The key issue: Can employers be cited by OSHA for record-keeping violations that occurred up to five years in the past - the current agency practice - or is the statute of limitations strictly six months?
Judges Karen LeCraft Henderson, Merrick Garland and Janice Rogers Brown agreed that the statute was clear and the citations were untimely.” We do not believe Congress expressly established a statute of limitations only to implicitly encourage the Secretary [of Labor] to ignore it,” wrote Brown in the lead opinion. Garland issued a concurring opinion, as did Brown (in addition to the lead opinion).
The case, Secretary of Labor v. AKM LLC d/b/a Volks Constructors, began in 2006, when OSHA inspected the Prairieville, La., facility of Volks Constructors, a heavy industrial contractor.
OSHA fined Volks a total of $13,300 for 67 record-keeping violations, alleging that Volks failed to log a number of injuries and illnesses within the required seven-day period.
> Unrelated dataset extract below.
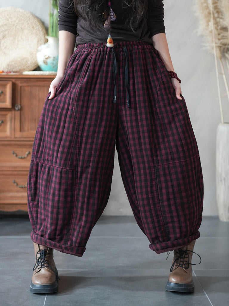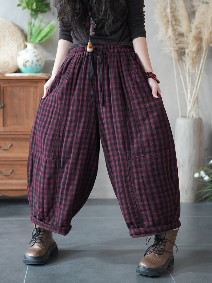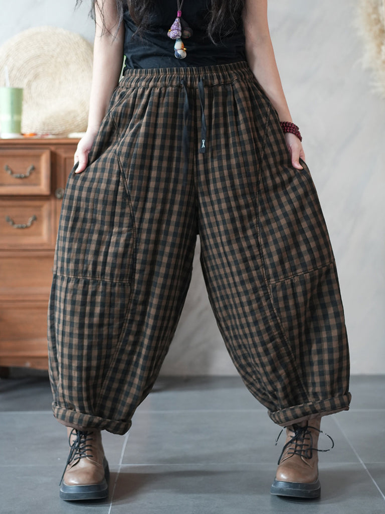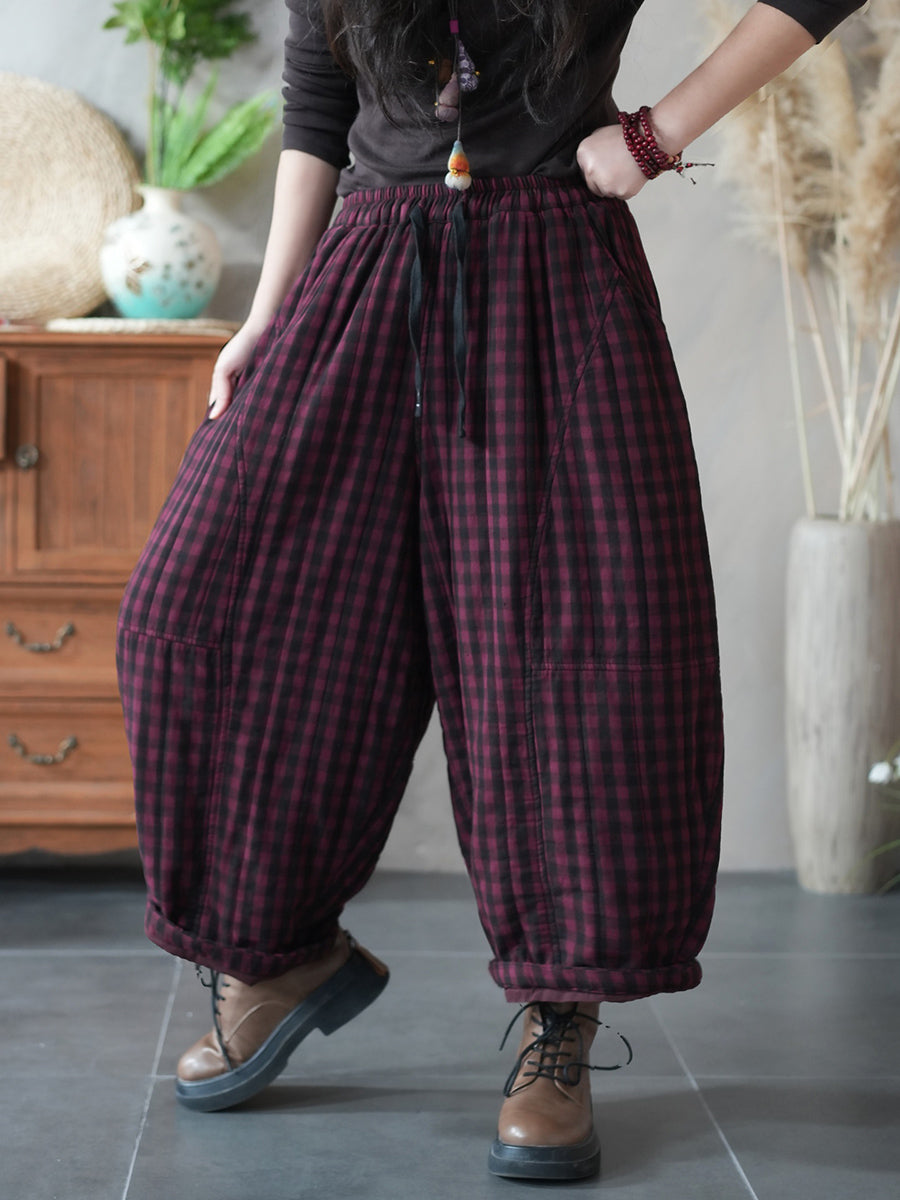 Pantalones harén acolchados a cuadros retro de invierno para mujer

The earliest such recordable injury or illness occurred at Volks on Jan. 11, 2002 – more than four years before the citations.
But the statute, Section 9(c) of the OSH Act, 29 U.S.C. 658(c), states: "No citation may be issued...after the expiration of six months following the occurrence of any violation."
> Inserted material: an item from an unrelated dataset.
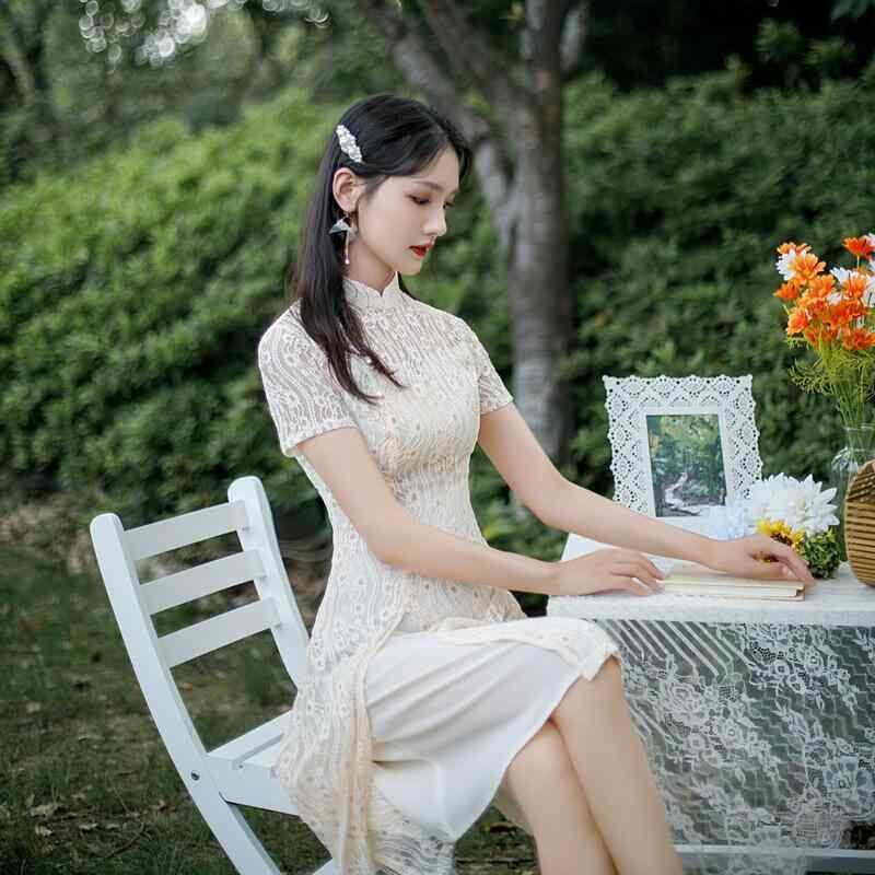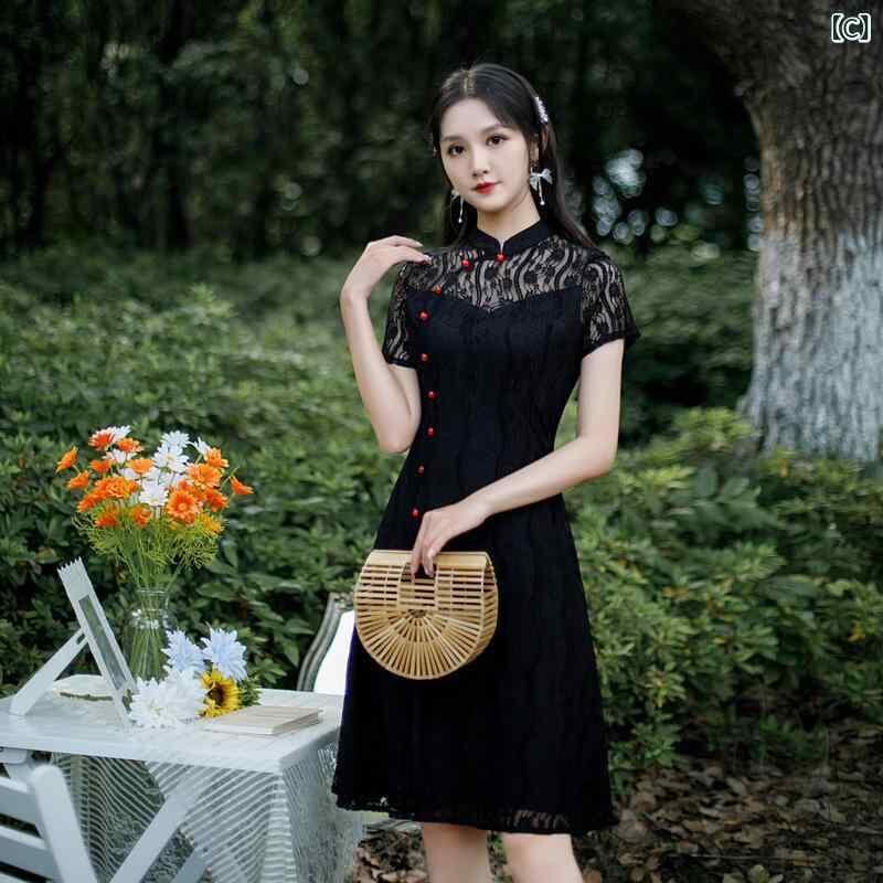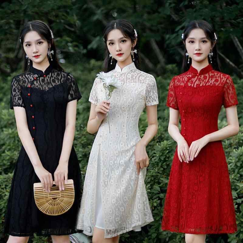 チャイナドレス レディース レッド 半袖 レース アオザイ レトロ 改良版 スリムフィット ミドル丈 花嫁衣装 ブライダル ウェディングドレス スタンドカラー ハイサイドスリット ポリエステル 伸縮性 エレガント

Volks appealed the citations to the OSH Review Commission, which in November 2010 took the rare step of holding oral arguments — the first in four years. In a 2 -1 decision, the Review Commission upheld the citations as timely.
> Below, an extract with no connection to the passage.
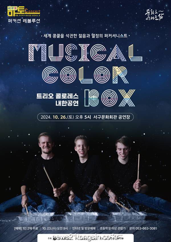 (뉴스21통신) 최우성기자 = 서구문화회관은 오는 26일 5시 서구문화회관 공연장에서 10월 서구愛 마토콘서트 시리즈로 유럽과 미국에서 타악기로 국제 콩쿠르를 석권한 트리오 콜로레스를 초청하여‘뮤지컬 컬러 박스’리사이틀을 개최한다고 밝혔다.

The company pursued the case before the D.C.Circuit, arguing that the statute set a clear six-month limit, and that employers face an undue burden trying to defend a case based on stale evidence. The National Federation of Independent Business Small Business Legal Center filed an amicus brief supporting the claim.
The government countered that all the violations for which Volks was cited were “continuing violations,” which meant the statute of limitations doesn’t expire until the end of the law’s five-year document retention period.
The court didn’t buy it. “We think the word ‘occurrence’ clearly refers to a discrete antecedent event,” Brown wrote. “In this case, every single violation for which Volks was cited—failures to make and review records—and every workplace injury which gave rise to those unmet recording obligations were ‘incidents’ and ‘events’ which ‘occurred’ more than six months before the issuance of the citations.”
Still, the court didn’t shut the door if violations were truly ongoing — “Where, for example, a company continues to subject its employees to unsafe machines...OSHA may be able to toll the statute of limitations on a continuing violations theory since the dangers created by the violations persist,” Brown wrote.
But when it comes to record-keeping, the statute of limitations is six months. “Nothing in the statute suggests Congress sought to endow this bureaucracy with the power to hold a discrete record-making violation over employers for years, and then cite the employer long after the opportunity to actually improve the workplace has passed,” Brown wrote.
McDermott Will & Emery partner Arthur Sapper, who argued the case for Volks, said in a statement that “We are gratified by the total vindication of our client. We believed all along that the statute of limitations was controlling and needed to be given greater respect.”